> _Exercise directions_
Copy out all of the lines below exactly; the pictures do not belong in the copy.

> _Data segment_
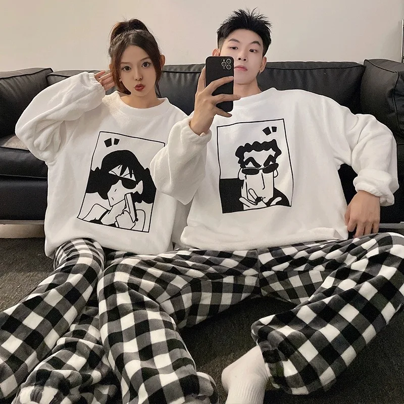 Kawaii Crayon Shin-Chan Couple Pajamas Set New Men's/women's Fashion Casual Pajama Plush Coral Fleece Winter Cartoon Homeclothes
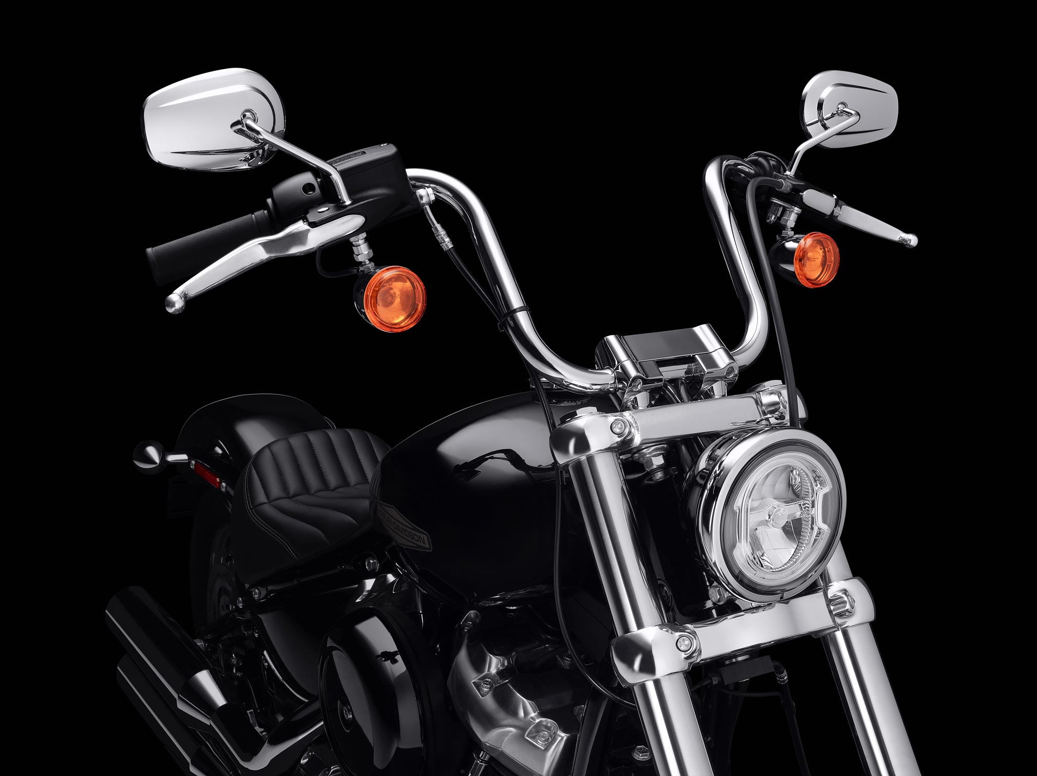 The steel rims of the classic laced wheels (front 19-inch, rear 16-inch) are finished in brilliant chrome for dazzling style. The front end features clear-coated fork sliders, polished triple-clamps, polished top clamp and riser, and chromed headlamp bezel and turn signals for additional contrast to the Vivid Black paint. The mini-ape handlebar puts riders of the Softail Standard model in a fists-in-the-wind posture with instant attitude. A compact electronic instrument with digital display set in the handlebar riser keeps the front end clean and uncluttered.
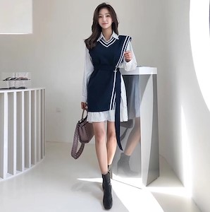 V领毛衣针织连衣裙+条纹斑马衬衫 套装set
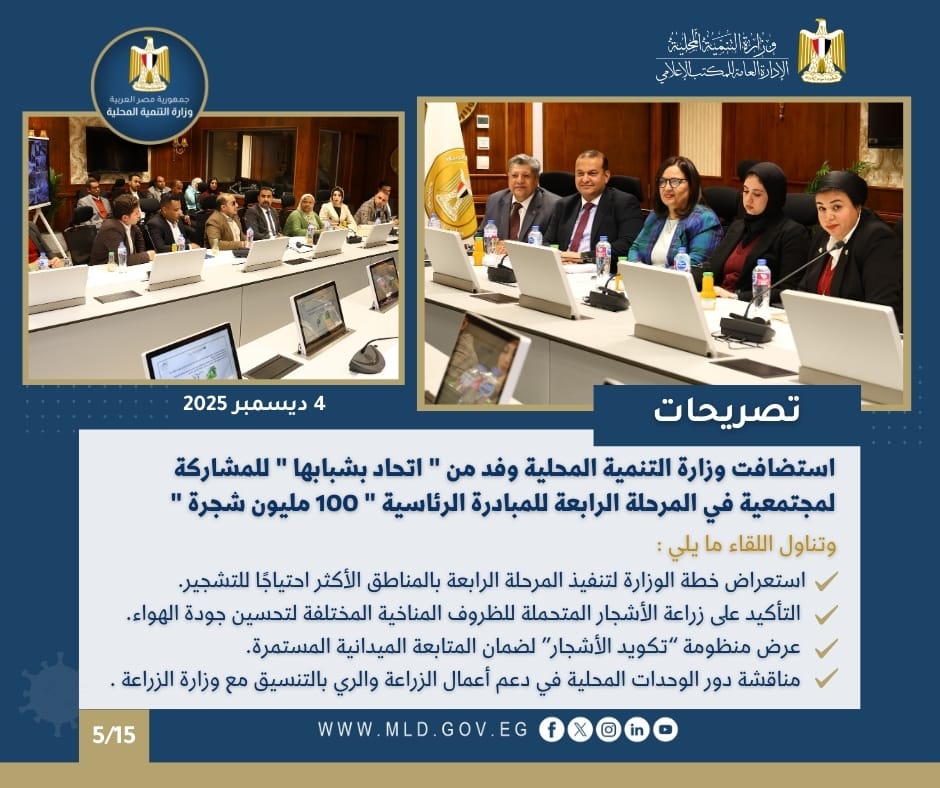 كما استضافت وزارة التنمية المحلية بالعاصمة الجديدة وفداً من "اتحاد بشبابها" التابع لوزارة الشباب والرياضة ، في إطار جهود الوزارة لتعزيز المشاركة المجتمعية والاهتمام بالشباب من مختلف محافظات الجمهورية و للمشاركة في تنفيذ المرحلة الرابعة من المبادرة الرئاسية "100 مليون شجرة" خلال العام المالي 2025- 2026 ضمن جهود الدولة لتعزيز المساحات الخضراء والحد من التلوث.

> _Solution for this problem_
 Kawaii Crayon Shin-Chan Couple Pajamas Set New Men's/women's Fashion Casual Pajama Plush Coral Fleece Winter Cartoon Homeclothes
 The steel rims of the classic laced wheels (front 19-inch, rear 16-inch) are finished in brilliant chrome for dazzling style. The front end features clear-coated fork sliders, polished triple-clamps, polished top clamp and riser, and chromed headlamp bezel and turn signals for additional contrast to the Vivid Black paint. The mini-ape handlebar puts riders of the Softail Standard model in a fists-in-the-wind posture with instant attitude. A compact electronic instrument with digital display set in the handlebar riser keeps the front end clean and uncluttered.
 V领毛衣针织连衣裙+条纹斑马衬衫 套装set
 كما استضافت وزارة التنمية المحلية بالعاصمة الجديدة وفداً من "اتحاد بشبابها" التابع لوزارة الشباب والرياضة ، في إطار جهود الوزارة لتعزيز المشاركة المجتمعية والاهتمام بالشباب من مختلف محافظات الجمهورية و للمشاركة في تنفيذ المرحلة الرابعة من المبادرة الرئاسية "100 مليون شجرة" خلال العام المالي 2025- 2026 ضمن جهود الدولة لتعزيز المساحات الخضراء والحد من التلوث.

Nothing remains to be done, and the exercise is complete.